Um 14 Uhr werden in der Regel die Türen geöffnet, meistens stehen aber schon eine Stunde vorher 50 oder 60 Bedürftige Schlange. "Dann verteile ich Nummern", sagt Hettel, denn alle auf einmal können den kleinen Laden nicht stürmen. Das Kontingent dessen, was - in der Regel für zehn bis zwanzig Prozent des Ladenpreises - gekauft werden kann, ist ohnehin begrenzt und richtet sich nach dem oft sehr knappen Angebot.





Hettel macht ein unglückliches Gesicht. "Wir haben hier in Baden-Baden viel mehr Bedürftige als in anderen Orten in der Umgebung, aber alle Läden bekommen ungefähr gleich viel Ware." Das bedeute für Kunden in Baden-Baden per se eine Ungerechtigkeit.

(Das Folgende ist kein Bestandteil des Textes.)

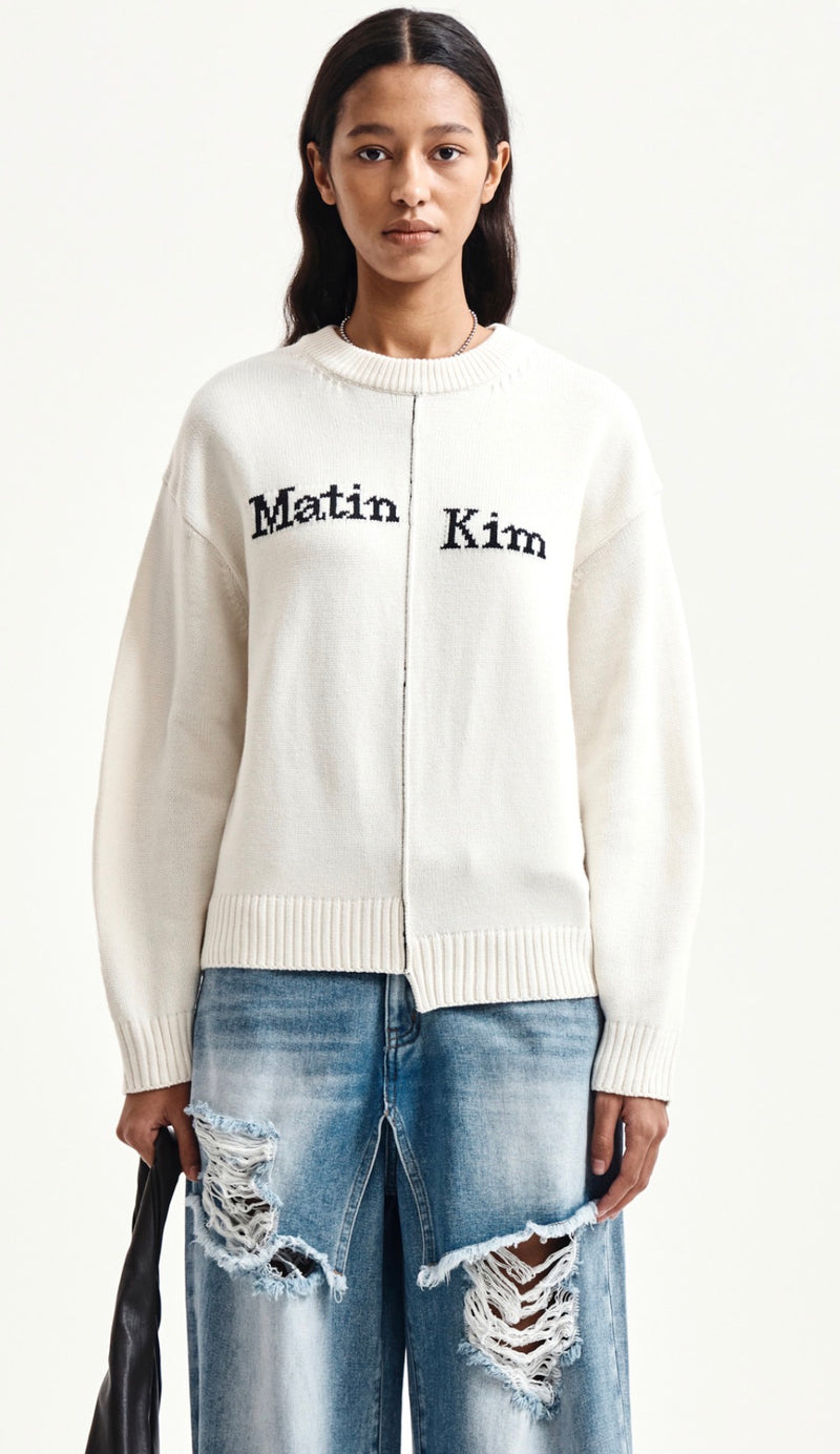 Matin Kim ASYMMETRIC LOGO KNIT PULLOVER IN IVORY

Eine Frage liegt mir dazu gleich auf der Zunge: Was passiert denn nun mit den Asylbewerbern, die seit neuestem in stetem Zustrom in die Stadt ziehen? Dürfen sie auch Lebensmittel im Tafelladen kaufen? Bekommen sie auch einen Berechtigungsschein? In einer hilflosen Geste hebt Hettel die Hände. "Ich weiß nicht, wie das gehen soll. Wir haben ja jetzt schon zu wenig." Und den Langzeitarbeitslosen gehe es richtig, richtig schlecht.

Nur Backwaren gibt es ausreichend. Überschuss soll deshalb demnächst regelmäßig am Ende eines Verkaufstages direkt in die Flüchtlingsunterkunft in der westlichen Industriestraße gebracht werden.





Freiwillige Helfer und Spender sind jederzeit herzlich willkommen.